朝仁千年松

朝仁千年松

今後伐採される「朝仁の千年松」をしのび、感謝会が開かれた

伐採前に住民が感謝会
「関わり深い神木」

 松枯れが深刻となっている、奄美市名瀬朝仁新町の樹齢400年とされているリュウキュウマツ「朝仁の千年松」(愛称)が今夏前に伐採されることが決まった。地域に親しまれてきた神木の姿を心に刻もうと、地域住民は13日、樹木の下で感謝会を開いて、千年松にまつわる思い出話に“花”を咲かせた。

 樹木は千年松公園の旧国道沿いにあり、神松木(カンマチゲ)として地域を見守ってきたまちのシンボル。旧名瀬市が保存樹第1号(1978年指定)に定めていたが、2013年夏ごろから松枯れの兆候が表れはじめたため、市当局は樹幹へ薬剤注入して拡大防止に努めてきたが枯れの進行は止まらなかった。
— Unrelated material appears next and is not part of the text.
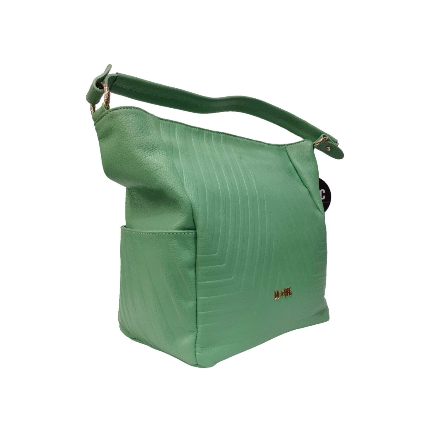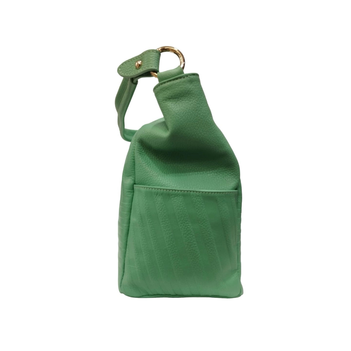 M Brc Borsa a spalla verde in pelle con 2 tasche laterali a filetto

 市側は根腐れがみられるとして保全を断念。周辺に住宅地もあることから台風シーズン前の伐採を判断した。この措置を受け、朝仁町内会(428世帯850人、屋村賢良会長)は近隣自治会と協力して、神木への感謝会の開催を決定したという。

 屋村会長は「地域には神社がなく、これまで地域行事を担ってきた存在。住民の安全確保から伐採を承諾したが、新たな歴史の始まりとして、語り継いでいきたい」と話した。

 会には近隣住民や市職員など約120人が参加。町内会関係者が木のたもとに酒を注ぎ、参加者は全員で献杯。島唄による奉歌でにぎやかに営まれた。来賓に朝山毅市長も駆けつけ、「高校時代は遠足の道中の目印となった思い出の松」と名残を惜しんだ。
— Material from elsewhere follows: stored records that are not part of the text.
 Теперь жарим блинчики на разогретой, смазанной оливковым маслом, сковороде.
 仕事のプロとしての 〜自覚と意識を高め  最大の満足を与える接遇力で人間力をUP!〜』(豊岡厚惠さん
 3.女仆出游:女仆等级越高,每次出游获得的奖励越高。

 同町の井川静男さん(81)は「この木は、出兵の見送りや十五夜祭の打ち出し、住民が酒を酌み交わした場所。その姿が見られなくなるのはとても残念」と感無量に話した。

 町内会関係者によると、幹の一部を残したモニュメントなどの設置を市側に要請。伐採後は資材としての活用も検討している。